WO2015051431A1

WO2015051431A1 - Method for producing active recombinant bovine somatrotopin, and thus obtained product

Info

Publication number: WO2015051431A1
Application number: PCT/BR2014/000359
Authority: WO
Inventors: Dolivar Coraucci Neto; Flávia BARBOZA CAMARGO
Original assignee: Ouro Fino Saúde Animal Ltda
Priority date: 2013-10-10
Filing date: 2014-10-01
Publication date: 2015-04-16
Also published as: BR102013026129A2

Abstract

The present invention relates to a method for producing somatotropin from inclusion bodies without using denaturing chemicals. More specifically, the present invention relates to a method for producing active bovine somatotropin from recombinant cells that express bovine somatrotopin in high concentrations in inclusion bodies, in that the inclusion bodies are solubilised by means of successive centrifugation steps in water, combined with the use of the tris buffer with an alkaline pH. The present invention also relates to the thus obtained active recombinant bovine somatotropin.

Description

"PROCESS FOR THE PRODUCTION OF ATOTROPI SOUND IN THE ACTIVE RECOMBINANT BOVINE AND OBTAINED PRODUCT"

Field of the Invention

The present invention relates to a process for obtaining somatotropin from inclusion bodies without the use of denaturing chemical agents. More specifically, the present invention relates to a method of obtaining bovine somatotrophin active from recombinant cells expressing high concentrations of bovine somatotropin in inclusion bodies, wherein said inclusion corpuscles are solubilized using successive centrifugations in water combined with the use of Tris buffer at alkaline pH. The active recombinant bovine somatotropin obtained is also the subject of the present invention.

History of the Invention

Heterologous proteins expressed in transformed host cells occur in soluble form, or in the form of inactive and insoluble inclusion bodies (or refractory corpuscles), depending on such factors as the redox environment of the host cell, the level of expression and the nature of the protein. There is also a borderline case where both the soluble and the insoluble forms of the proteins are expressed simultaneously.

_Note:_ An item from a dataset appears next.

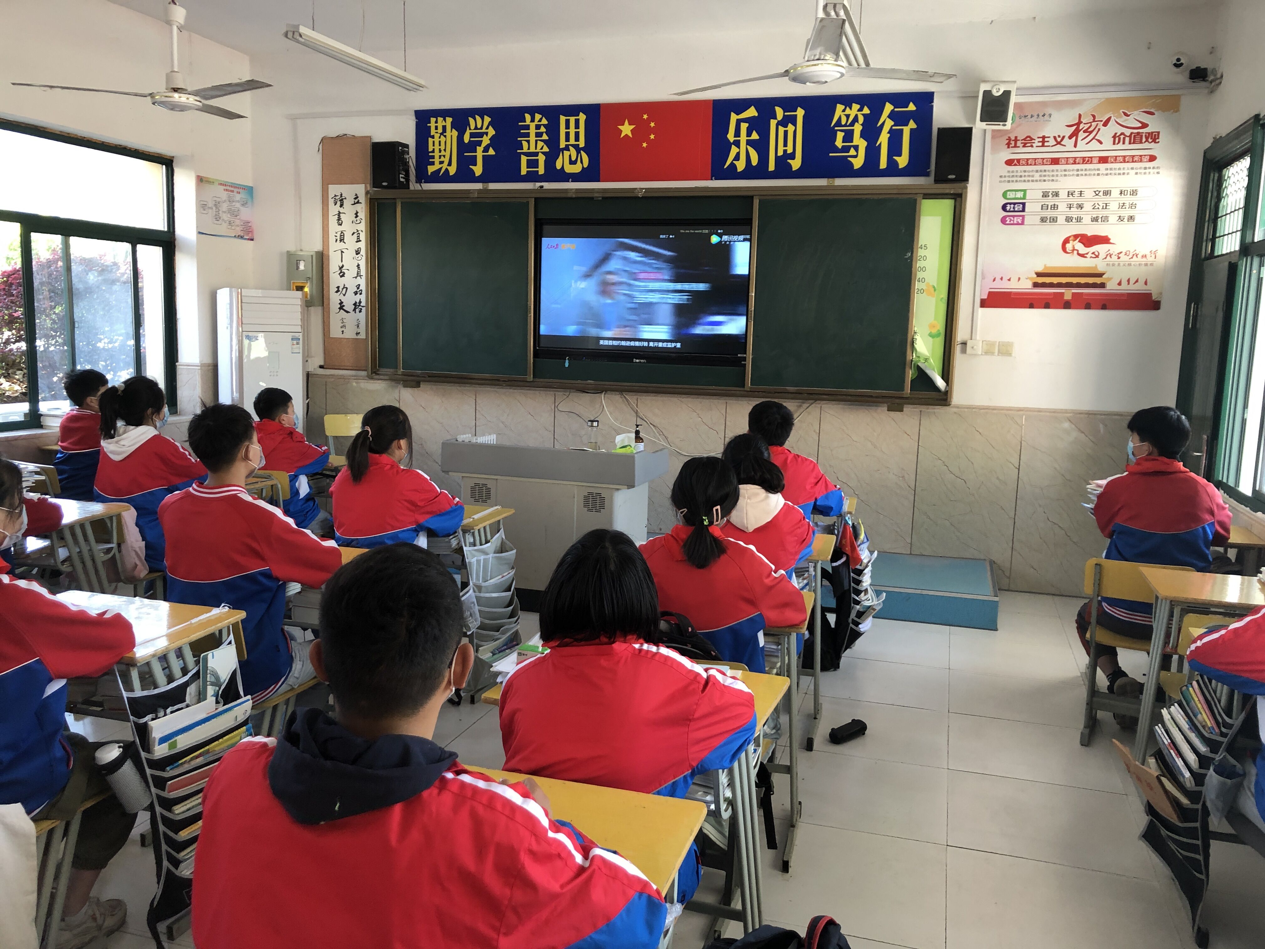 在黄英子老师的主持下,各班级利用班级多媒体举行了升旗仪式,通过视频观看五星红旗冉冉升起,全体师生肃立,高唱国歌,行注目礼。在抗疫、防疫的特殊时期,党和政府全力应对疫情,全国上下团结一心,让疫情得到有效控制,这次防控战役让我们深刻体会到祖国强大力量,看到五星红旗升起,爱国情、自豪感油然而生。

Inclusion corpuscles (or refractile corpuscles) are insoluble aggregates of dense, electron-refractory proteins found in the cytoplasm and periplasmic space of recombinant cells expressing high concentrations of heterologous proteins. The inclusion corpuscles are devoid of biological activity and must be submitted to processes of isolation, solubilization, renaturation and purification to become biologically active.

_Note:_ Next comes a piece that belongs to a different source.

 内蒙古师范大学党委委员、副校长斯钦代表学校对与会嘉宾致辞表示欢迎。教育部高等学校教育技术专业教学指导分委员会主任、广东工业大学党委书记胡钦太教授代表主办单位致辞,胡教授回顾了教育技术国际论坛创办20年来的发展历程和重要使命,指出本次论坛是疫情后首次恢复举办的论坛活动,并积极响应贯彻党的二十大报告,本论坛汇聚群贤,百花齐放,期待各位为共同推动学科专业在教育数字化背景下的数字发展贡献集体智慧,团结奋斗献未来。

The recovery of bioactive proteins from the inclusion corpuscles involves basically three known steps: isolation of the inclusion corpuscles, solubilization of the protein aggregates and renaturation of the solubilized proteins. The isolation of the corpuscles occurs by mechanical disruption of the cells, followed by centrifugation. Protein aggregates generated are solubilized at high concentrations of chaotropic agents such as urea, guanidine hydrochloride (Gdn-HCl), thiocyanate salts, or detergents such as sodium dodecyl sulfate (SDS), N-cetyl trimethyl ammonium chloride and N-lauryl sarcosine (NLS ). Additional reducing agents such as β-mercaptoethanol, dithiotreitol or cysteine are commonly added to aid in the solubilization of inclusion bodies, maintaining the cysteine residues in the reduced state, preventing the formation of undesirable intra and intermolecular disulfide bonds. Chelating agents such as ethylenediamine tetraacetic acid (EDTA) may also be added to the solubilization buffer to prevent oxidation of the cysteine residues. Solubilized proteins are then renatured in their natural conformation by removal of the reducing agents in the presence of additives that enhance the production of bioactive proteins such as L-arginine, dimethyl sulfoxide (DMSO) and polyethylene glycol (PEG).

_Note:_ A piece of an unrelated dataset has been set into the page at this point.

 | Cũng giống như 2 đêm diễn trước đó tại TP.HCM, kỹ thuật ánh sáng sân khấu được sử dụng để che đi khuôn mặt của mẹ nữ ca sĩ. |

Although bioactive protein recovery methods are widely known in the literature, with minor variations in the type of denaturing agent and the additional reducing agent employed, more lenient methods of solubilizing proteins from inclusion bodies are also known. These milder methods are employed in order to reduce the formation of aggregates generated during the protein renaturation process.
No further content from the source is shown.